Se firmavano per aderire ad un esposto alla procura, bisogna chiarire che la natura giuridica dell’ esposto differisce dalla denuncia o dalla querela, in quanto mira a chiedere a chi preposto a riceverlo di accertare se vi siano fatti degni di reità e di conseguenti responsabili. Ne consegue che i promotori dell’ esposto non solo non sanno se i fatti di cui si lagnano costituiscono reato, ma si guardano bene anche di fare nomi, quindi di eventuali responsabili.
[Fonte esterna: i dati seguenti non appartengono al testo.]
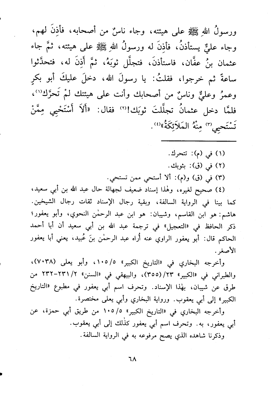 وَرَسُولُ اللهِ صَلَّى اللهُ عَلَيْهِ وَسَلَّمَ عَلَى هَيْئَتِهِ، وَجَاءَ نَاسٌ مِنْ أَصْحَابِهِ، فَأَذِنَ لَهُمْ وَجَاءَ عَلِيٌّ يَسْتَأْذِنُ فَأَذِنَ لَهُ وَرَسُولُ اللهِ صَلَّى اللهُ عَلَيْهِ وَسَلَّمَ عَلَى هَيْئَتِهِ، ثُمَّ جَاءَ عُثْمَانُ بْنُ عَفَّانَ فَاسْتَأْذَنَ، فَتَجَلَّلَ ثَوْبَهُ، ثُمَّ أَذِنَ لَهُ، فَتَحَدَّثُوا سَاعَةً ثُمَّ خَرَجُوا، فَقُلْتُ: يَا رَسُولَ اللهِ، دَخَلَ عَلَيْكَ أَبُو بَكْرٍ، وَعُمَرُ، وَعَلِيٌّ، وَنَاسٌ مِنْ أَصْحَابِكَ وَأَنْتَ عَلَى هَيْئَتِكَ لَمْ تَحَرَّكْ (١) ، فَلَمَّا دَخَلَ عُثْمَانُ تَجَلَّلْتَ ثَوْبَكَ (٢) فَقَالَ: " أَلَا أَسْتَحْيِي مِمَّنْ تَسْتَحْيِي (٣) مِنْهُ الْمَلَائِكَةُ " (٤)

Perché quindi l’esposto? Perché una denuncia o una querela li avrebbe esposti a delle responsabilità in ordine alle accuse, mettendo in rilievo la forte insicurezza della iniziativa.
Ma ci chiediamo anche: i firmatari dell’adesione, a cosa hanno aderito se non hanno letto nulla riguardo il contenuto dell’ esposto non avendone avuto il tempo dato che, come sopra scritto, ho avuto modo di constatare che tutto è stato compiuto in meno di un minuto.
Ma sorge anche un altro interrogativo: l’esposto è stato già scritto e si conosce il contenuto? Delle due una: o l’esposto è stato già scritto ed i firmatari hanno solo aderito all’odore dell’esposto stesso, oppure non è stato ancora scritto e sempre i firmatari hanno detto sì a qualcosa di ancora inesistente.
Io la chiamerei una forma di democrazia a ogni chiusi o di simpatia.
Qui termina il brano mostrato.